In this edited extract from a roundtable hosted by India Business Law Journal and Ikigai Law, moderator Sreenidhi Srinivasan and a distinguished panel of global data privacy experts discuss how companies can create globally compliant data privacy policies.

Many countries in the Asia-Pacific region have introduced or are on the verge of introducing data protection laws. For companies doing business outside their borders, a key challenge is knowing how to be compliant with global privacy laws.

The discussion examines various themes around data compliance such as setting a common minimum baseline for global compliance, strategic approaches to different privacy laws, the role played by the EU’s General Data Protection Regulation (GDPR), the importance of data subject rights, and navigating cross-border data transfers.

Accompanying moderator Sreenidhi Srinivasan, partner and lead lawyer on data at Ikigai Law, are Scott Warren, a partner at Squire Patton Boggs in Tokyo specialising in data privacy; Michelle Chan, a TMT of counsel based in Bird & Bird’s London office; and Kritiyanee Buranatrevedhya, an IP and tech partner at Baker McKenzie’s Bangkok office who focuses on data privacy and protection.

Sreenidhi Srinivasan: There are more than 150 data privacy protection laws across the world. For tech businesses that want to go global, how should they think about privacy compliance? What should they start with? Is there a strategic way of thinking about data governance within an organisation?

Scott Warren: In some ways I really feel sad for the in-house counsel of today, because before we just used to be worried about GDPR in Europe, and then we’d worry about the US because of the high penalties. But in the past 10 years or so there’s been an explosion, and within probably the past 20 years, there’s a number of other APAC countries that have their own data privacy laws, which are quite challenging to follow.

So over time, it’s come to me that there’s a concept I’ve called the data privacy continuum. I used to think of it before as you know, digital, a one or a zero, right? It was either Europe or American or something like that. But now I see it as a continuum.

You’ve got Europe that sees data privacy as a fundamental human right. And I actually think the US uses it as a fundamental corporate right.

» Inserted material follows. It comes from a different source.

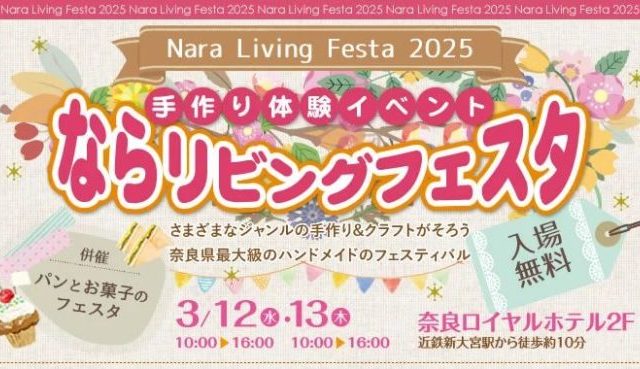 手仕事NEWS 心ときめく♡奈良県最大級のハンドメイド&手作り体験イベントの祭典「ならリビングフェスタ2025」を奈良ロイヤルホテルで開催。ならリビング創刊50周年記念で、さらに楽しくパワーアップした内容に! 開催は3月12・13日。手作り&手芸材料がおトクに手に入り、作家作のキットや完成品も購入可能。手作り好きの方には見逃せない2日間です! 2025.03.11 手仕事NEWS手仕事市-クラフト市

But God forbid you collect it improperly, you lie when you collect it, you abuse it, or lose it, then you’re going to be sued with class action lawsuits, with shareholder derivative lawsuits, and penalised by government regulatory authorities. Facebook, I think, paid USD5 billion not too long ago to resolve a US privacy issue.

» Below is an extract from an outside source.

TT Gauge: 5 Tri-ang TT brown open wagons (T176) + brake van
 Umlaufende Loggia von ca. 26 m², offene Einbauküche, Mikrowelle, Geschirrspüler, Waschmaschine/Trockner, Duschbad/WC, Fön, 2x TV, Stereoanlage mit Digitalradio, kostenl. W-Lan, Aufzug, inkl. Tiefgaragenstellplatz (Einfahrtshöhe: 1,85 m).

But then we have these jurisdictions such as China, the new law, as well as Russia, the old law, that are looking at data privacy much more as a fundamental state right. But at any rate, Europe certainly has a focus on protecting the state secrets, or the state side of that coin. The US is complaining about Huawei, and all the things that might happen with routers that could be used to take data. Frankly, Cisco could do the same thing if they wanted to.

So, this all becomes a matter of who you trust. But the US certainly has a state-located interest. So the thing that’s helpful for me about this continuum is if you look at it, you can see kind of where each country’s laws … fall within it.

And for a lot of APAC countries – Japan, for example, and a lot of other places – I see them trying to straddle the US and Europe side of it. They want to follow Europe so that they can perhaps get an adequacy finding. But they also want to have free transfer of data to trusted sources in the US style.

And then we see some places that we wonder where they fall. Certainly Vietnam is much closer to the China state protection side. And there was some concern with the earlier draft for India, that it was somewhat of a localisation rule. That seems to be relaxed somewhat, but we’re still waiting to see how that actually passes.

But if you can think of it within that continuum, it really helps you figure out – okay, these are the fundamental hot button issues with this country. By reading the law, I know where their focus is, and then it can help you kind of design some common themes through that.

Srinivasan: Michelle, I’ll come to you with sort of a variation of this question. Scott spoke about this continuum – the different triggers or different objectives that different regions might have. How would one be able to glean a common minimum baseline? And are there any differences or similarities that have really stood out to you in the privacy laws of any particular country in South Asia, or the world? Also, how do you then account for those outliers and differences?

Michelle Chan: If you look at the overarching data protection laws in some of the major jurisdictions – the EU, the US, Japan, South Korea and now China – what you see is actually that there will always be some common parts to the data protection law.

So, most of them will define what personal data or personal information is. Most of them will try to distinguish between data controller and data processor. But of course, there are also jurisdictions that don’t draw that sort of distinction. And then you have some data protection principles. Some countries have 10 of them, some only have six. Some don’t call them data protection principles. They’re just embedded somewhere in the law.